Topics Health insurance and uninsured
Health promotion and disease prevention
Obesity
States served Florida
Description The 2000 Community Health Needs Assessment Report for Baker County, Florida, revealed that the county exceeded regional, state, and national rates in 6 of the 12 leading causes of death in the United States—heart disease, stroke, pneumonia/influenza, diabetes, liver disease, and chronic obstructive pulmonary disease (COPD).

In addition, the 1999–2000 Five-County Study of Cardiovascular Disease Risk Factors found that, of these five Florida counties—Baker, Bradford, Columbia, Suwannee, and Union, in which the rates of cardiovascular disease exceeded those for the state as a whole—Baker County had the lowest number of people who received regular blood cholesterol screenings, the highest percentage of overweight people, and a significant proportion of residents with chronic drinking problems.

Services offered Connecting the Chronically Ill had three goals: (1) to connect chronically ill, medically underserved adults to health care services; (2) to improve quality of life through wellness education and case management services; and (3) to provide health care coverage for low-income, medically underserved, chronically ill adults age 18 and older living in Baker County. Participants were considered chronically ill if they had been diagnosed with obesity, hypertension, diabetes, COPD, or hyperlipidemia.

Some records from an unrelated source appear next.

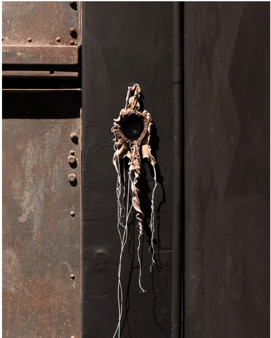
thresholds , 2022 textile, speaker, audio (4'48" loop) 35 × 10 × 2 cm, click here to listen installation view, the hidden corner of my neurons , 93, Basel
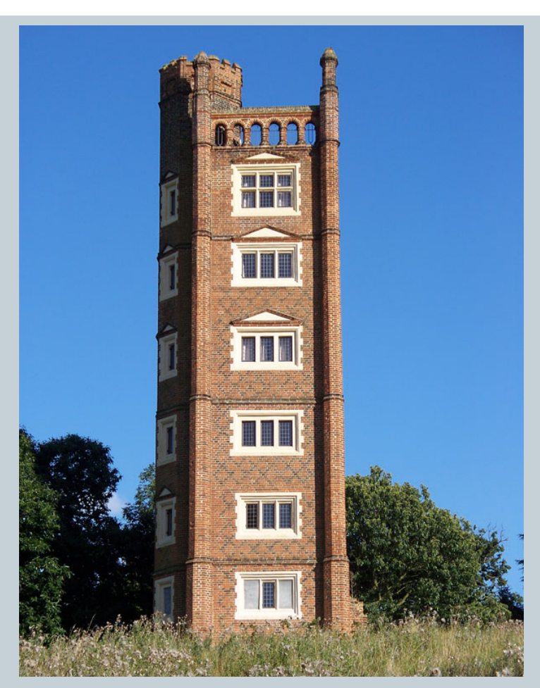
Freston Tower, Suffolk, England. Constructed c. 1578 (the oldest folly!)

The first follies date back to before 1600
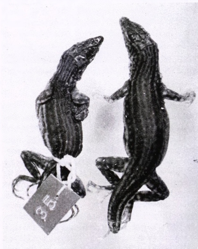
Figure 4. Eremias (Eremias) montanus paratypes.
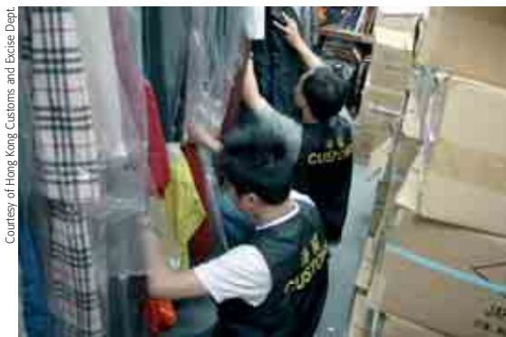
Fashion police. Hong Kong's custom officers search for fake brands.
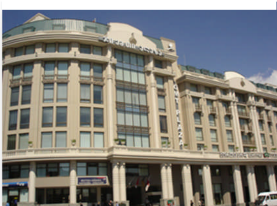
Tbilisi – Courtyard Marriott
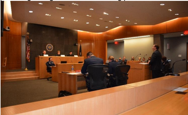
Penn State Law student presents amicus oral argument before the Air Force Court of Criminal Appeals during the Court's Project Outreach at Penn State.

Since January 2017, the Court has rendered over 360 decisions, including 27 published opinions providing new guidance and binding precedent in all Air Force courts-martial. The Court also heard oral
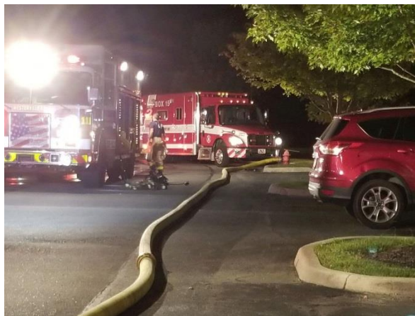
Polaris Lakes Drive 2-alarm fire
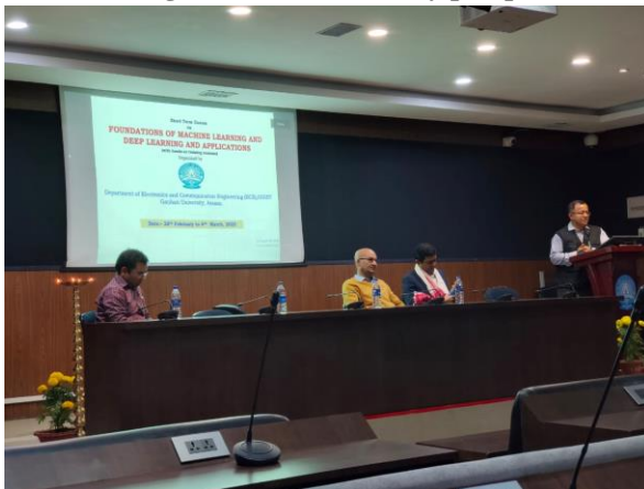
Programs on Maching learning applications
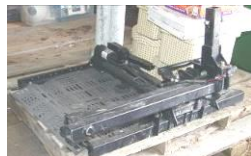
Reese Hitch Battery Scooter Hauler, Reese receiver,
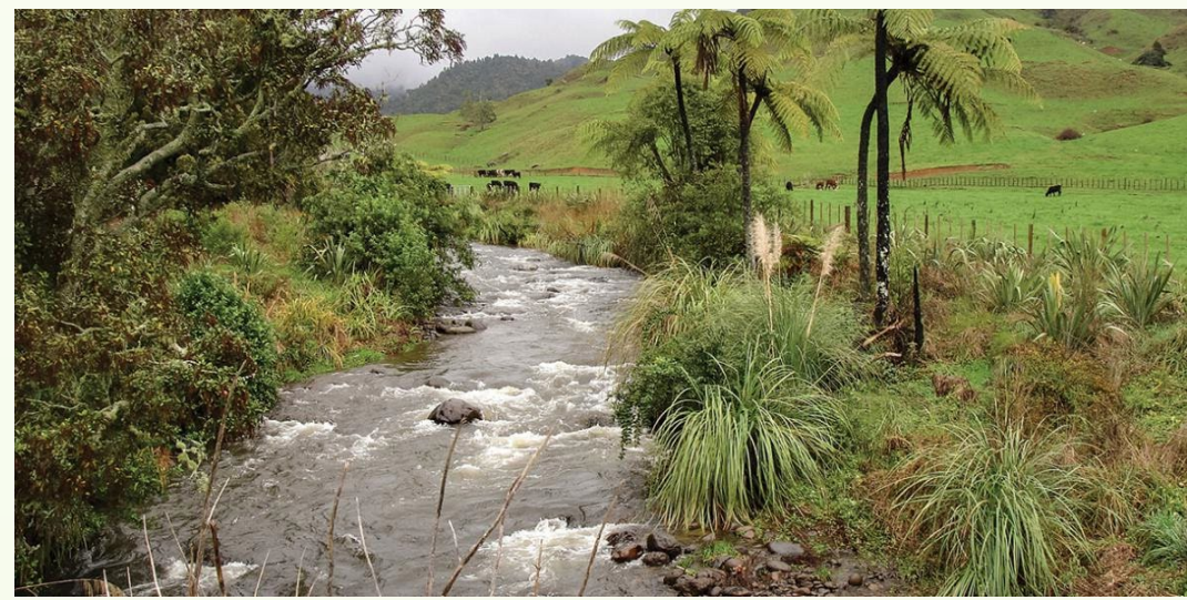
Figure 1: A Riparian Buffer Strip

The game is fun and immersive! It takes 50 mins to 2 hours to complete, and works best with 10-60 participants. No background knowledge is required , but different groups (from undergrads to grad students to policymakers) will get different things from the exercise.
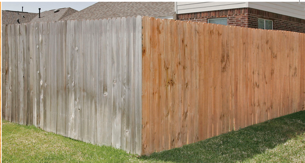
Above is a photo of an actual fence installation in Tomball, TX. The fencing on the left is cedar. On the right is ProWood Micro with MicroShades. The two were put up within 30 days of one another, 15 months before the photograph was taken.
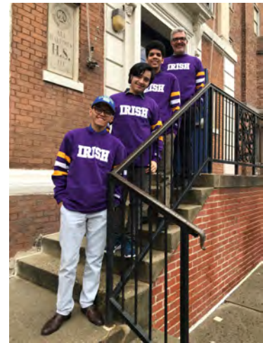
The All Hallows ambassadors back in the Bronx in our VC finery
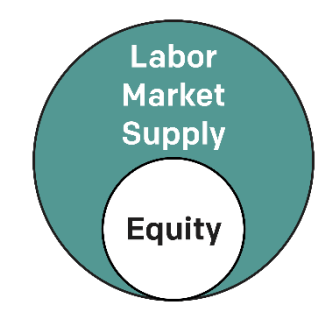
Fig. 1 Equity, Mobility, and Job Quality for Workers

The ECJ approach prioritizes supply side work that focuses explicitly on creating greater equity for the people of California. The economy generates inequality on multiple axes – race, gender, ethnicity, and ability, to name just a few. The California Workforce Development Board supports and invests in partnerships that help workers who have been disadvantaged close the gap. Equity means systematically generating greater opportunity for those who have been too long excluded. What does equity look like? Systems and organizations that support under-served or justice-involved or low-income Californians with training and mentoring to secure family supporting jobs; preapprenticeship or contextualized training that reaches out to immigrants and supports learning English alongside vocational skills; training and education programs for incumbent workers at the entry level to move to more skilled positions, and much more.
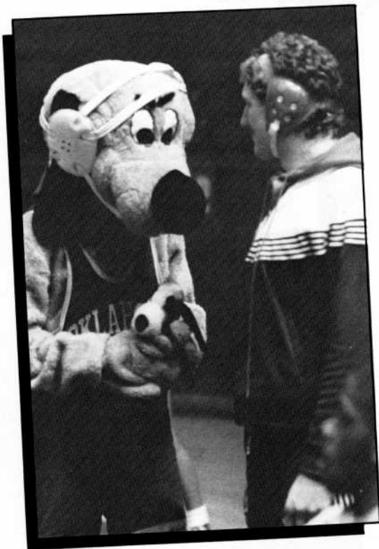
When not busy stirring up the crowd or advising the referee, Underdog finds time to offer some coaching tips to Oklahoma Sooner wrestlers.
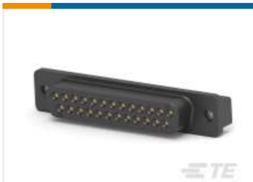
TE Part #1-5745967-6 D-Sub Receptacle Assembly: Vertical, Shell Size 3, 2.77mm
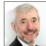
James Eric Davies Library and University Community
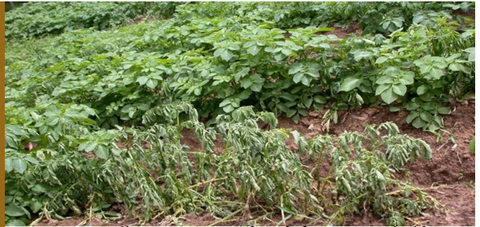
Potato crops affected by bacterial wilt

Kenyan potato belts are typically cool, high-elevation regions (e.g. Nakuru, Meru, Nyeri, Marakwet) with ample rain. Night time temperatures are low enough to favor potato tuber bulking – for example, Marakwet’s “very cold” climate is ideal for potatoes. However, R. solanacearum thrives in warm, moist soils and poorly drained fields. Infections rapidly spread during rainy seasons or irrigation if waterlogging occurs. The pathogen can survive deep in soil (even >1m depth) and on plant debris. Water-saturated soil and heavy run-off favor spread (bacteria wash into drains or onto adjacent fields). Thus, well-drained fields and avoidance of waterlogging are critical.
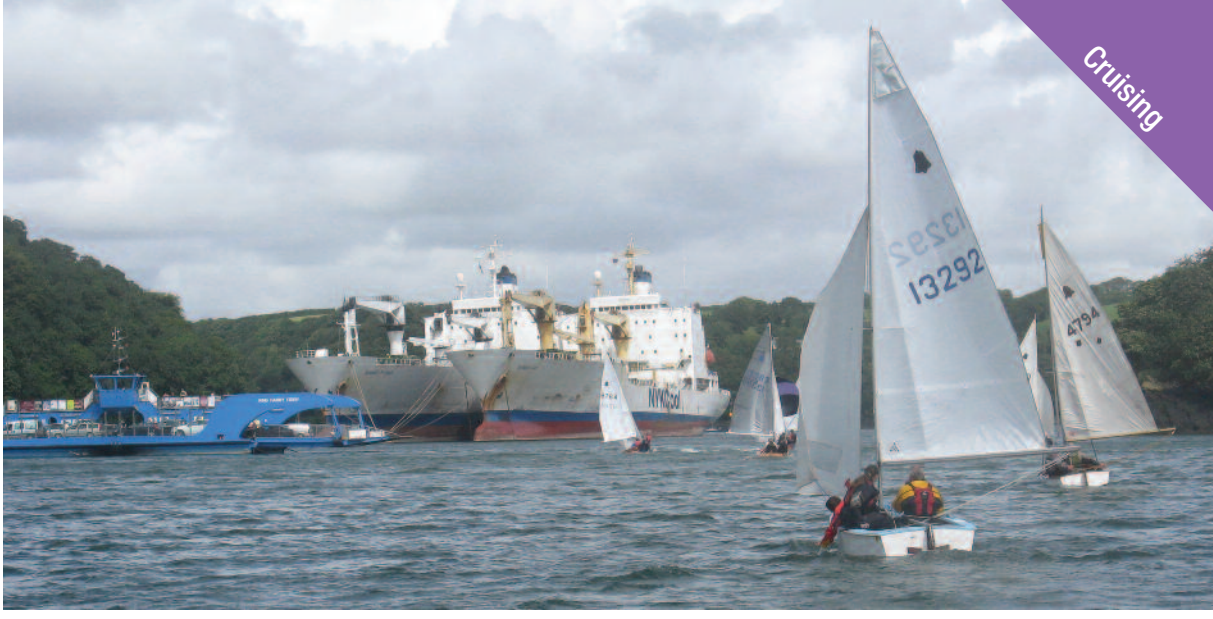
than sailing off Mylor point, than sailing off Mylor point, across the Roads at the kind The King Harry Ferry overshadowed by hulks on the River Fal

Beyond the ferry you start to encounter laid-up boats, clinging to moorings in the centre of the channel, while they await new work or to be decommissioned at the end of their life. They sit in the water creating large wind shadows, but also providing an interesting perspective of our world, waiting or rusting while surrounded by the beauty and peace of the River Fal with its lush green trees and bushes rising out of the steep banks on either side.

The consortium members included the following partners:

  • The Baker County Health Department provided primary care, case management, prescription drug assistance, and health education services.
  • Gateway Community Services, a regional substance abuse treatment provider, offered individual assessments as well as group and individual counseling.
  • Northeast Florida State Hospital Community Behavioral Health Services Division, a community-based mental health care provider, offered outpatient mental health counseling, case management, and evaluation services.
  • Baker Community Counseling Services, a local substance abuse treatment provider, offered aftercare services.

In addition to providing primary care, case management, prescription assistance, health education, substance abuse, and mental health services, the project also offered diabetes selfmanagement classes, individual wellness planning, referrals for podiatry care and eye exams, laboratory tests, glucometers and test strips, educational materials and health-positive cookbooks, smoking cessation services; referrals to First Place weight loss classes, and transportation services to medical appointments and educational classes.

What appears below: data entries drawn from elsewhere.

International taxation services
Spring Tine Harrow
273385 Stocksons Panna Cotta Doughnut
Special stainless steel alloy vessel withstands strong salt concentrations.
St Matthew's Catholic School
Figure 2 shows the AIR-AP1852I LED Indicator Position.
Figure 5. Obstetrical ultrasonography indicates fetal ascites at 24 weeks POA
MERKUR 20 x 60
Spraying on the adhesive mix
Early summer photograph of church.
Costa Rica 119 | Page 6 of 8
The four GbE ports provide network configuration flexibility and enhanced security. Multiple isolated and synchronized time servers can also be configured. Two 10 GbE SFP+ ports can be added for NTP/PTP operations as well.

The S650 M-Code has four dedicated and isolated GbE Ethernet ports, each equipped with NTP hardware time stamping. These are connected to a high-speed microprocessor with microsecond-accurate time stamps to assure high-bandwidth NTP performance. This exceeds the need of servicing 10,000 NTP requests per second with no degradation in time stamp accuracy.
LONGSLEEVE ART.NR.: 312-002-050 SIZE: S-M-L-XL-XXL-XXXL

At first, few residents expressed an interest in receiving substance abuse services—largely because of the stigma associated with treatment. So the project worked with the Baker County Sheriff’s Office so the project could expand it services to incarcerated individuals who also had qualifying health conditions. Incarcerated clients received intake evaluations, individual counseling, and weekly group counseling. In the third year of the grant, the project further expanded its substance abuse program to include aftercare substance abuse treatment services to inmates upon their return to the community.

Primary care, health education, and prescription drug assistance services were provided at the Baker County Health Department. To help promote the program, the health department also conducted educational classes at local churches. Participants in need also received referrals to diabetes education and weight management classes.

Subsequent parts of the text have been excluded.